Sehingga diperlukan uji tapis pada mata setelah seseorang mengidap diabetes selama 3 tahun
(Vaughan 2011).
Diabetes masih menjadi masalah utama untuk kasus kerusakan papil saraf optik,
penurunan lapang pandang dan kebutaan. Kasus kebutaan terkait dengan retinopati diabetes
melitus tipe 2 sering diakaitkan dengan terjadinya edema makula. Sebagian besar pasien yang
didiagnosa menderita diabetes melitus tipe 2, juga telah mengalami edema makula berat.
Penelitian populasi yang dilakukan di Oxford, UK pada tahun 1982 didapatkan 28% dari 188
pasien diabetes melitus tipe 2 mengalami penurunan lapang pandang, serta 2,9% mengalami
kebutaan. Penelitian di Wisconsin mendapatkan 1,6 2,2 % dari pasien diabetes melitus tipe
2 mengalami kebutaan, sepertiganya disebabkan oleh retinopati, dan setengahnya disebabkan
oleh degenerasi makular, katarak, dan glaukoma. Namun, penelitian yang dilakukan
Olafsdottir dkk pada komunitas Laxa, Negara Orebro, Swedia mendapatkan angka perbedaan

yang tidak terlalu signifikan pada ketajaman pengelihatan pasien diabetes tipe 2
dibandingkan dengan kelompok kontrol (Olafsdottir, 2007).
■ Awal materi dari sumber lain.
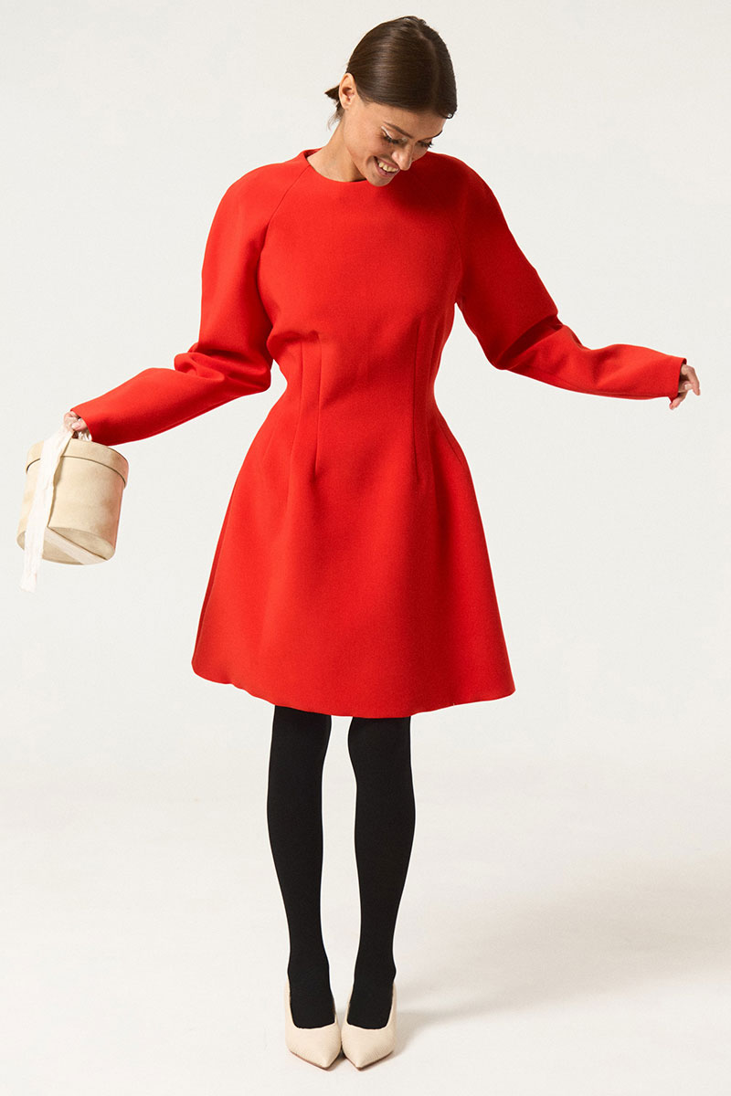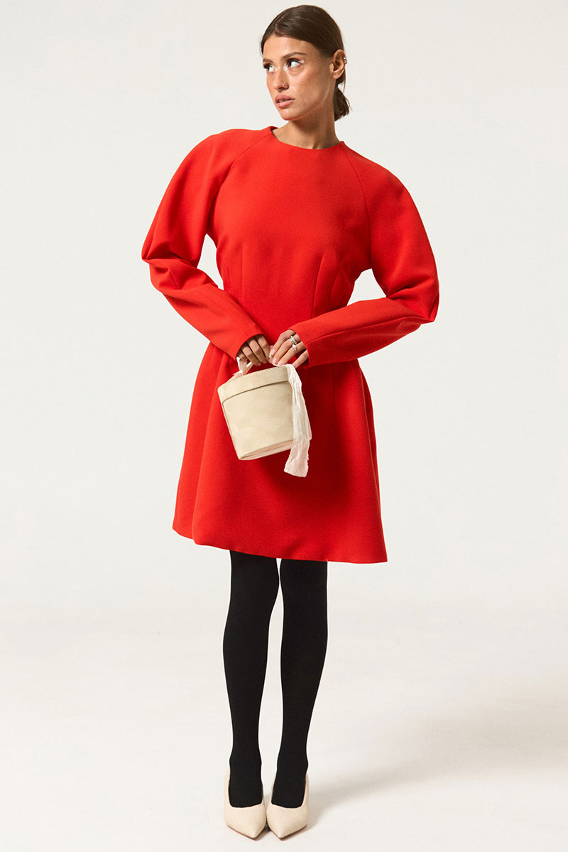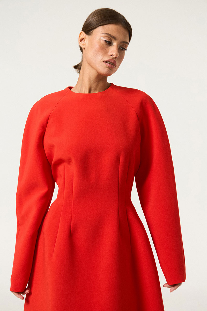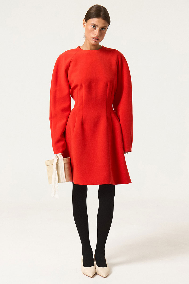 Платье приталенного силуэта с объемными рукавом реглан. Платье в длине мини. Платье с вытачками.

Berdasarkan penjabaran diatas, peneliti tertarik untuk melakukan uji tapis pada mata
pasien diabetes melitus tipe 2 maupun pada pasien non diabetes deteksi awal kerusakan papil
saraf optik sebelum berdampak pada kebutaan dan mengetahui faktor faktor resiko yang
mempengaruhi kerusakannya. Selain itu, uji tapis ini juga bertujuan untuk melihat adakah
perbedaan Cup To Disc Ratioyang signifikan antara pasien diabetes melitus tipe 2 dan bukan
diabetes.
Dalam penelitian ini peneliti ingin mengetahui lebih dalam perbedaan Cup To Disc
Ratio pasien karena merupakan salah satu bagian dari papil saraf opti k yang sering dijadikan
tolak ukur dalam penilaian derajat kerusakan saraf dan pembuluh darah mata terkait
komplikasi mikrovaskuler pada mata yang disebabkan oleh DM. Dalam hal ini, peneliti
mengambil judul Perbedaan Cup To Disc Ratiopada pasien DM tipe 2 dan pasien bukan
diabetes di Poli Penyakit Dalam RSUP NTB.